O Brasil defende uma ordem internacional baseada em normas e não na força. Assim o demonstrou durante a criativa e equilibrada atuação brasileira na Presidência do Conselho de Segurança das Nações Unidas em 2023, quando ocorreu o ataque terrorista do Hamas a Israel e a desproporcional resposta israelense em Gaza.

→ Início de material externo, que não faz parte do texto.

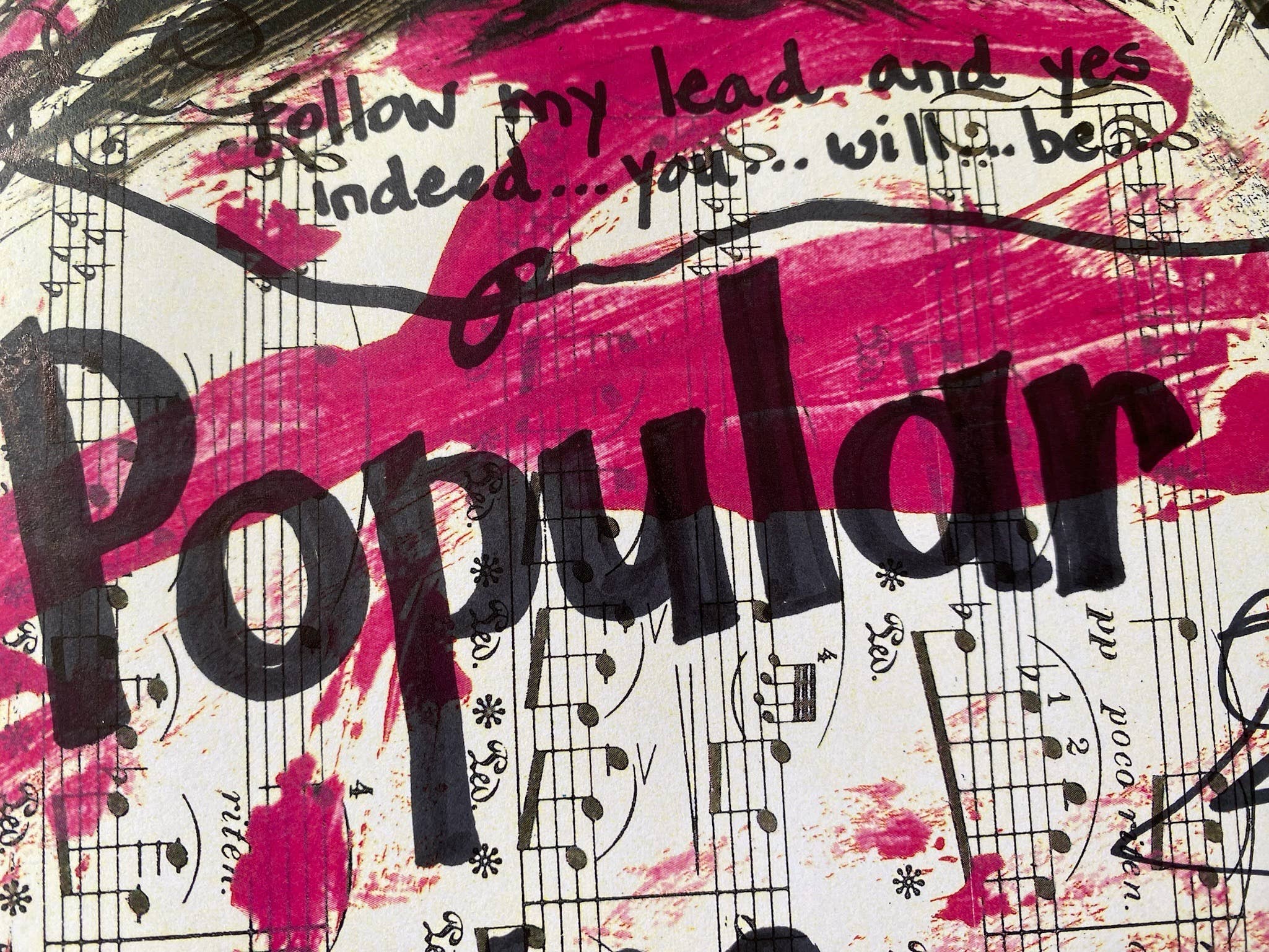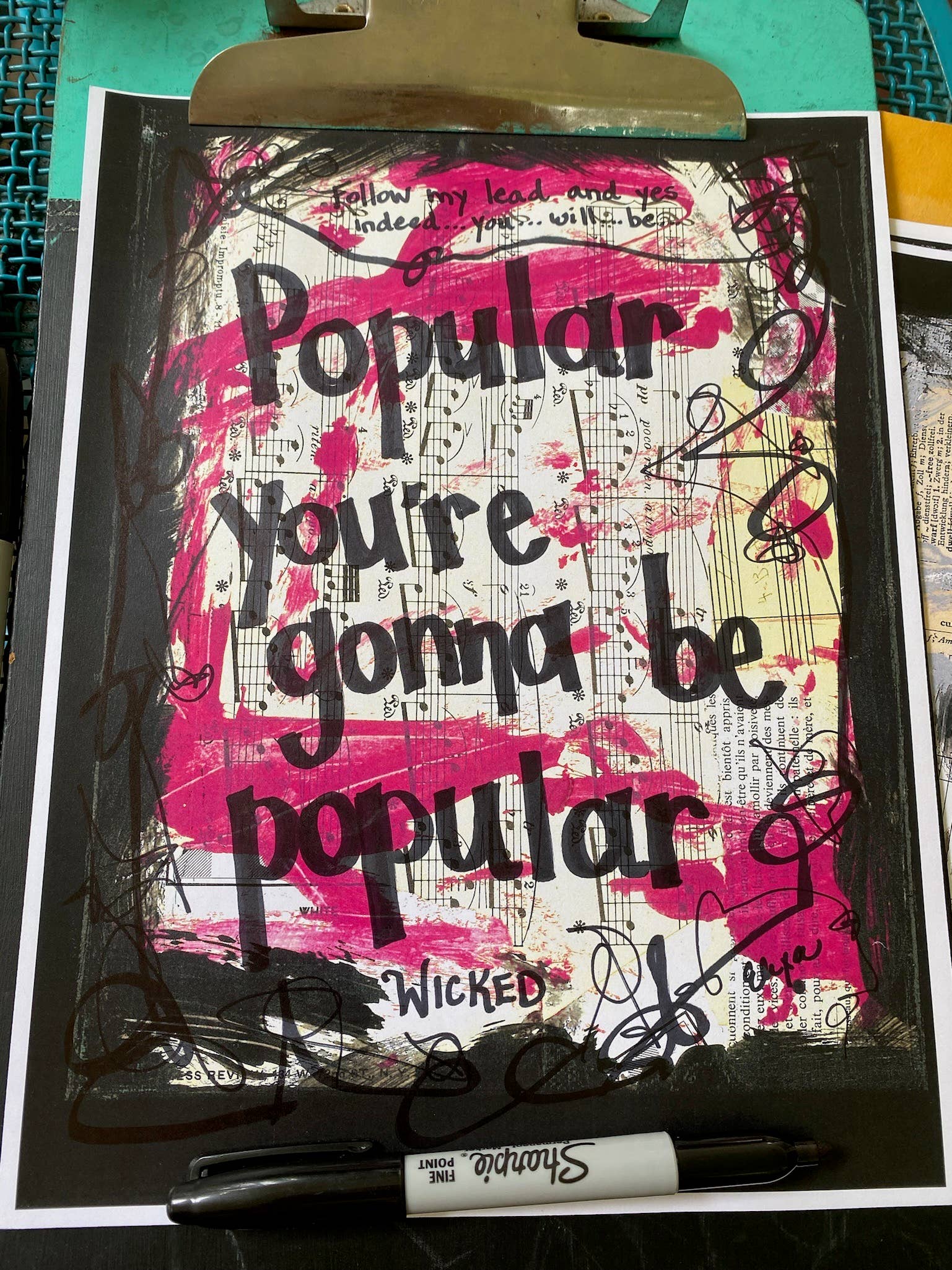 "Popular" is inspired by the Broadway musical and movie Wicked. The original painting shown in the pictures uses sheet music, vintage book pages, acrylic paints, and black sharpie.

Um mundo baseado em regras e na solução pacífica dos conflitos interessa a um país em desenvolvimento, com grandes desafios socioeconômicos internos e carente das capacidades militares das grandes potências. O Brasil sempre compreendeu isso: a concertação diplomática é parte de sua própria identidade no cenário internacional. A primeira decisão do primeiro chanceler brasileiro, José Bonifácio, foi propor às Províncias Unidas do Rio da Prata (hoje Argentina) organizar uma confederação, para, com outros governos da América espanhola, estabelecer uma "aliança ofensiva e defensiva", reconhecendo mutuamente suas independências, a fim de evitar as tradicionais políticas das potências europeias, acostumadas a dividir para governar. Por mais de uma década, o país havia sido o centro do Império português e, desde 1815, parte do Reino Unido de Portugal, Brasil e Algarves. Independente em 1822, o Brasil nasceu com uma "vocação multilateral", baseada na combinação da vontade de participar decisivamente nas decisões globais e do savoir-faire para fazê-lo[3].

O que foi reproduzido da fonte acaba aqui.